[Stored items from a collection]
···

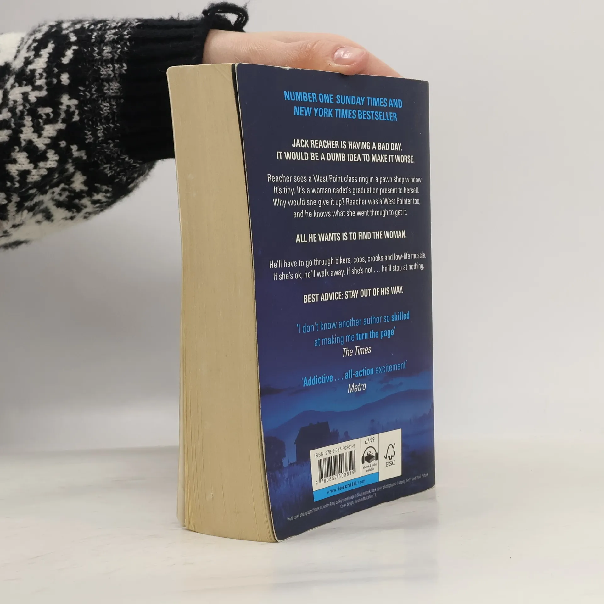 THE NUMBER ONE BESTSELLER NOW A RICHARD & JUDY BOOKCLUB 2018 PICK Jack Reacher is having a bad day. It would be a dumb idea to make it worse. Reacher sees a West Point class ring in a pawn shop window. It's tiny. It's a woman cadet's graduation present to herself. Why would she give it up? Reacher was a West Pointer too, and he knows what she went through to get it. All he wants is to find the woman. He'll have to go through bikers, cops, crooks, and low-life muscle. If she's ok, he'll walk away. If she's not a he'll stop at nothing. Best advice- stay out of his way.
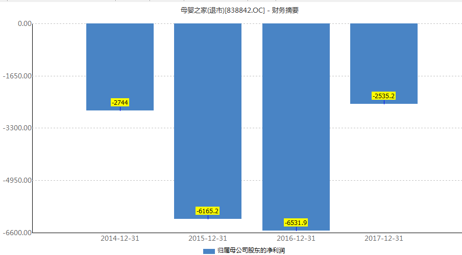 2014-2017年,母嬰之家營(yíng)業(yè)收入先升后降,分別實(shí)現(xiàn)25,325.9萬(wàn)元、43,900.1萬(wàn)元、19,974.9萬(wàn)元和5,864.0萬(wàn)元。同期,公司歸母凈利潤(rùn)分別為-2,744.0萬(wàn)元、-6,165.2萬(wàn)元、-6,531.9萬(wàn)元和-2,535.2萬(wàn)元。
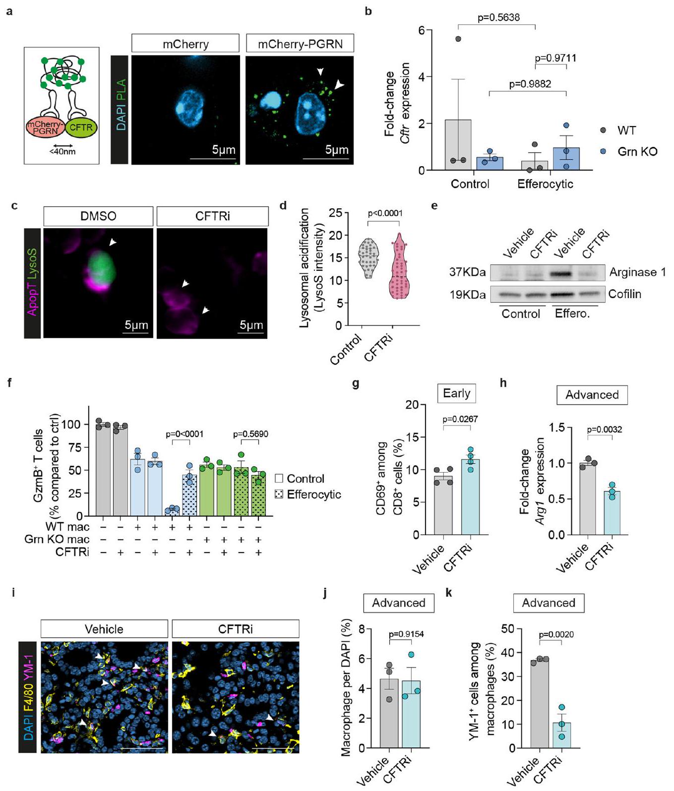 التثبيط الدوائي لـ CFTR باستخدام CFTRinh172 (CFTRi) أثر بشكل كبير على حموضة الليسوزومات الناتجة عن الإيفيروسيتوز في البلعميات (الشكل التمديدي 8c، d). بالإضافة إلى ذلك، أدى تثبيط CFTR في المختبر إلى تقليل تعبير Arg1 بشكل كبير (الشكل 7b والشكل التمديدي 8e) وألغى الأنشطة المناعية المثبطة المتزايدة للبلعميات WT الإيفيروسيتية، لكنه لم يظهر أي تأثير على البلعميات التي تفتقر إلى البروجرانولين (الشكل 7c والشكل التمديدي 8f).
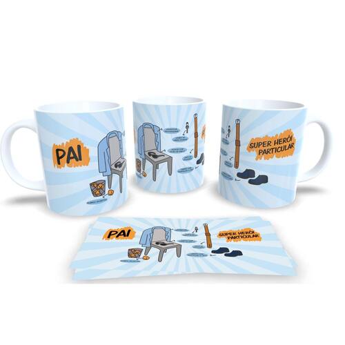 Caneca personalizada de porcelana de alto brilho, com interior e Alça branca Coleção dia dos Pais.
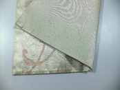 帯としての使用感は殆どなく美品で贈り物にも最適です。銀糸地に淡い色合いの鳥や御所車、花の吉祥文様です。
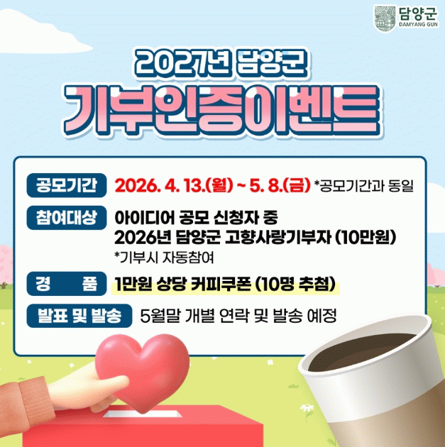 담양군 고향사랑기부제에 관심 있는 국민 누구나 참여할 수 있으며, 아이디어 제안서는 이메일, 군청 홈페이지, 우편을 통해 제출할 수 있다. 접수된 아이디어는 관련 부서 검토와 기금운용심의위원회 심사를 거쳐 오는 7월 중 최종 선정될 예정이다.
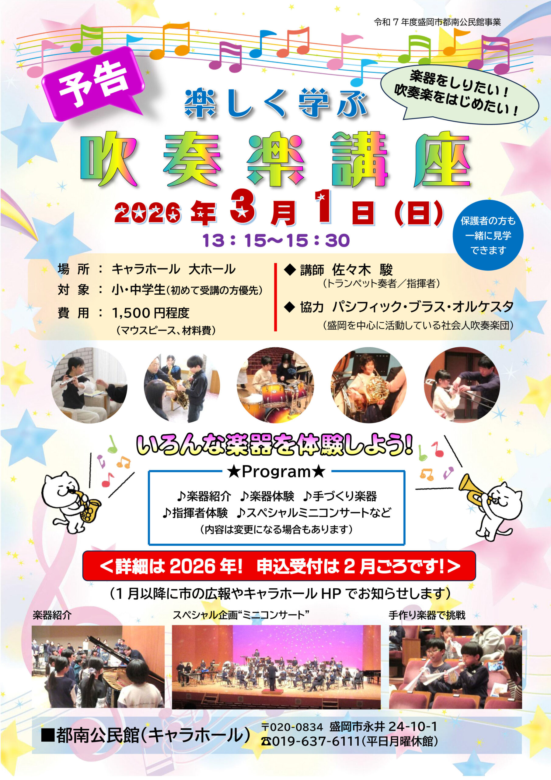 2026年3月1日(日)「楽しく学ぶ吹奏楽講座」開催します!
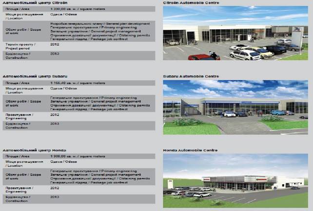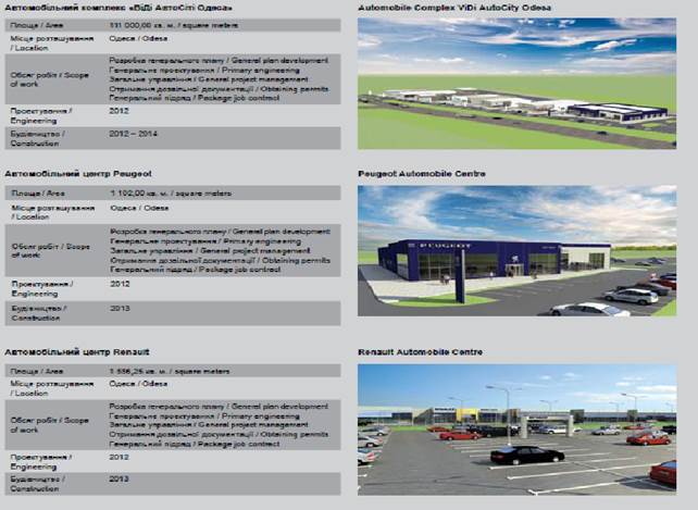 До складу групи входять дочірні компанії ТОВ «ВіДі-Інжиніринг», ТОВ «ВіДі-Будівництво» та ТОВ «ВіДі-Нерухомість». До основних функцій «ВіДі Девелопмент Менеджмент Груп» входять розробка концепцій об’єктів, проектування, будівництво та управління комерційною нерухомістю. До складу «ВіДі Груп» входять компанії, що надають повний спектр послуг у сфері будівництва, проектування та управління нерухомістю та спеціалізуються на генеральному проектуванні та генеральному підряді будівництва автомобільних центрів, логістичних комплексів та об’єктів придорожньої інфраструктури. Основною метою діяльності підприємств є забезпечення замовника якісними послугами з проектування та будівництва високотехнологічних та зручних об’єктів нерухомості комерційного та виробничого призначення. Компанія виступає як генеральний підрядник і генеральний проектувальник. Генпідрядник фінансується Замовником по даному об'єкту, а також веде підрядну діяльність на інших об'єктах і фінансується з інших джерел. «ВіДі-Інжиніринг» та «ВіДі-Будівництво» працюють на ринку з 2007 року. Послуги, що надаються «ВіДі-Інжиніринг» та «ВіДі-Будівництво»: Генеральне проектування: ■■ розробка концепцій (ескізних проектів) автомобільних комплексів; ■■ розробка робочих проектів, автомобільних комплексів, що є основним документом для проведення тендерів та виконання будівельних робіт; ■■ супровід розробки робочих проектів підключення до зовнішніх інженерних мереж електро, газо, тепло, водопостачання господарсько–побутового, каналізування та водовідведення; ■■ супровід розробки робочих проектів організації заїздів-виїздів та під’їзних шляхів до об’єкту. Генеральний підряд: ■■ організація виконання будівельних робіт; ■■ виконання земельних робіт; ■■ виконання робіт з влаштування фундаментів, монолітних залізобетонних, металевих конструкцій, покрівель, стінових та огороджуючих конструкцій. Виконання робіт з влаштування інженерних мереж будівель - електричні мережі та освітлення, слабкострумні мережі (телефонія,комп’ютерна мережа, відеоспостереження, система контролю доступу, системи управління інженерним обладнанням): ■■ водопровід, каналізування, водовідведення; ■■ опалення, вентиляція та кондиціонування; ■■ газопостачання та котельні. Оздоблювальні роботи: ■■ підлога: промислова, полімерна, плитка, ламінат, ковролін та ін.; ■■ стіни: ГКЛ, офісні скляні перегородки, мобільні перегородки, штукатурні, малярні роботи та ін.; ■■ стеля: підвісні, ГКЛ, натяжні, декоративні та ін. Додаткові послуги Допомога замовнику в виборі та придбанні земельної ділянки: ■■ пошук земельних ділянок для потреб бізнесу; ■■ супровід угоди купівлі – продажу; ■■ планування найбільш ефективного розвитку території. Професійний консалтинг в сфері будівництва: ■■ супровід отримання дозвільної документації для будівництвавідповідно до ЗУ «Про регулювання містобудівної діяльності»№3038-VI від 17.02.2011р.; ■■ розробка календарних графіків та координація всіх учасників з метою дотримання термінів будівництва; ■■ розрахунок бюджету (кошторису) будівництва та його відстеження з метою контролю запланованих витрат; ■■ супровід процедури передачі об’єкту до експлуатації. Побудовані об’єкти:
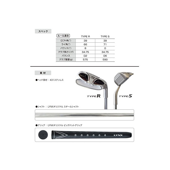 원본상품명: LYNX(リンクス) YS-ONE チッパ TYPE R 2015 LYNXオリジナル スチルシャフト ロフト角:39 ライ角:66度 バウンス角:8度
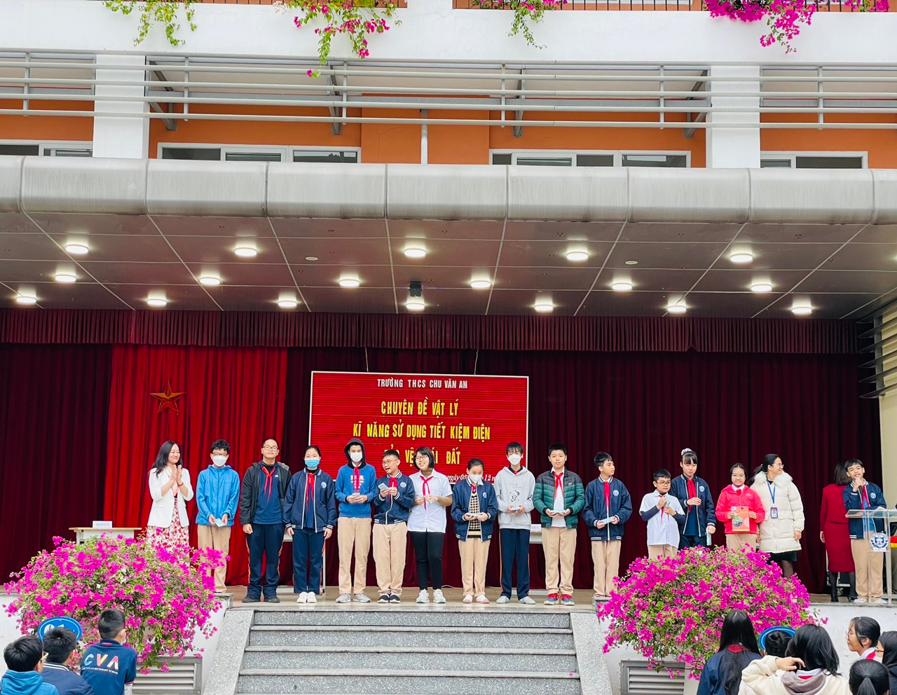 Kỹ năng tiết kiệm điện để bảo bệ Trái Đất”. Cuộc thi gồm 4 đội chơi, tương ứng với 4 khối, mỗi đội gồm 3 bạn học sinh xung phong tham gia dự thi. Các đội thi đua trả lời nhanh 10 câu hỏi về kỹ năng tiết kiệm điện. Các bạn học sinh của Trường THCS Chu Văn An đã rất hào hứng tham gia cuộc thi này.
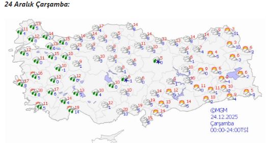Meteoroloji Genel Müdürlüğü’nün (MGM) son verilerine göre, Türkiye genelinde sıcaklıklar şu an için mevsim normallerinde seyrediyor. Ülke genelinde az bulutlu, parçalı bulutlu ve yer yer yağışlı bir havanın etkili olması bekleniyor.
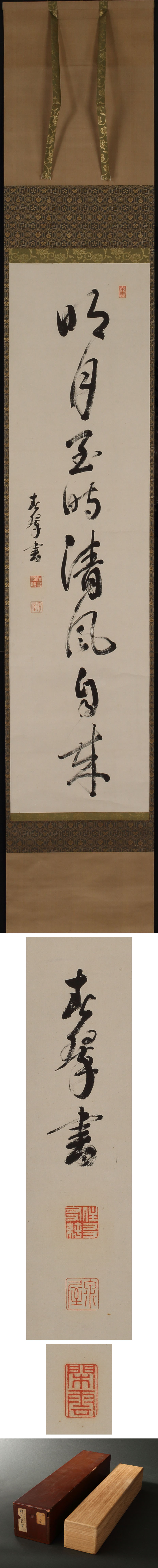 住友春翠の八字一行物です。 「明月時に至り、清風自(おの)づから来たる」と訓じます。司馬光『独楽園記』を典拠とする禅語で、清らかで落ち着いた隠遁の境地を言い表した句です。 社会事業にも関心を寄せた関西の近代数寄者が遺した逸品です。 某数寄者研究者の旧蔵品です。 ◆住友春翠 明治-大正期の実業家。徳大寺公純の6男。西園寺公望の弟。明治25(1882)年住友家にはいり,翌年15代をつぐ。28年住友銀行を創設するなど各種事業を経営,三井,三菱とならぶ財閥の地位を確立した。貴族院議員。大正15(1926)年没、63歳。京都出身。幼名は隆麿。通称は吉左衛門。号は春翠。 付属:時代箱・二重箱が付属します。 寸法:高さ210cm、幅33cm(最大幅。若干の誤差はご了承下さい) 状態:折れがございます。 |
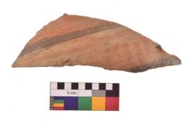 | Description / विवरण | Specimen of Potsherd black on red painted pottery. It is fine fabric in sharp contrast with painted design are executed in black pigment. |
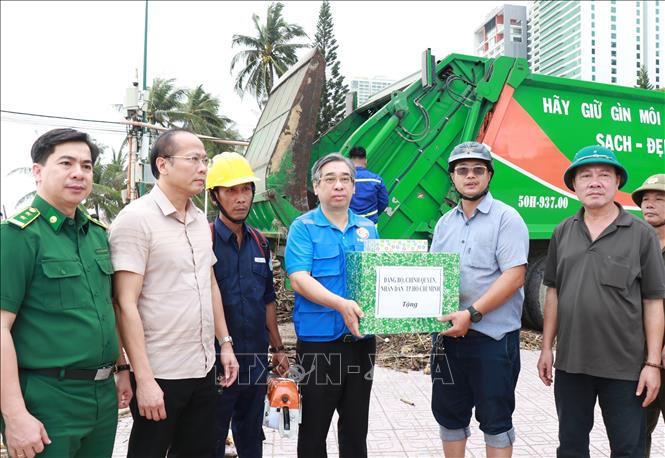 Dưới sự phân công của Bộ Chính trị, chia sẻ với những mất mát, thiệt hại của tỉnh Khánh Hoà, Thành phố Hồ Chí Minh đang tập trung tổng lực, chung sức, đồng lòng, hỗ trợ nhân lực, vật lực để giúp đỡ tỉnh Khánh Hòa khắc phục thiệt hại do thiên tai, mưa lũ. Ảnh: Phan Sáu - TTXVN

···

Your assignment: Print exactly the first line of the entries and every line after it through the one that contains "2026年3月1日(日)「楽しく学ぶ吹奏楽講座」開催します!", leaving the pictures out.

Solution:
 THE NUMBER ONE BESTSELLER NOW A RICHARD & JUDY BOOKCLUB 2018 PICK Jack Reacher is having a bad day. It would be a dumb idea to make it worse. Reacher sees a West Point class ring in a pawn shop window. It's tiny. It's a woman cadet's graduation present to herself. Why would she give it up? Reacher was a West Pointer too, and he knows what she went through to get it. All he wants is to find the woman. He'll have to go through bikers, cops, crooks, and low-life muscle. If she's ok, he'll walk away. If she's not a he'll stop at nothing. Best advice- stay out of his way.
 2014-2017年,母嬰之家營(yíng)業(yè)收入先升后降,分別實(shí)現(xiàn)25,325.9萬(wàn)元、43,900.1萬(wàn)元、19,974.9萬(wàn)元和5,864.0萬(wàn)元。同期,公司歸母凈利潤(rùn)分別為-2,744.0萬(wàn)元、-6,165.2萬(wàn)元、-6,531.9萬(wàn)元和-2,535.2萬(wàn)元。
 التثبيط الدوائي لـ CFTR باستخدام CFTRinh172 (CFTRi) أثر بشكل كبير على حموضة الليسوزومات الناتجة عن الإيفيروسيتوز في البلعميات (الشكل التمديدي 8c، d). بالإضافة إلى ذلك، أدى تثبيط CFTR في المختبر إلى تقليل تعبير Arg1 بشكل كبير (الشكل 7b والشكل التمديدي 8e) وألغى الأنشطة المناعية المثبطة المتزايدة للبلعميات WT الإيفيروسيتية، لكنه لم يظهر أي تأثير على البلعميات التي تفتقر إلى البروجرانولين (الشكل 7c والشكل التمديدي 8f).
 Caneca personalizada de porcelana de alto brilho, com interior e Alça branca Coleção dia dos Pais.
 帯としての使用感は殆どなく美品で贈り物にも最適です。銀糸地に淡い色合いの鳥や御所車、花の吉祥文様です。
 담양군 고향사랑기부제에 관심 있는 국민 누구나 참여할 수 있으며, 아이디어 제안서는 이메일, 군청 홈페이지, 우편을 통해 제출할 수 있다. 접수된 아이디어는 관련 부서 검토와 기금운용심의위원회 심사를 거쳐 오는 7월 중 최종 선정될 예정이다.
 2026年3月1日(日)「楽しく学ぶ吹奏楽講座」開催します!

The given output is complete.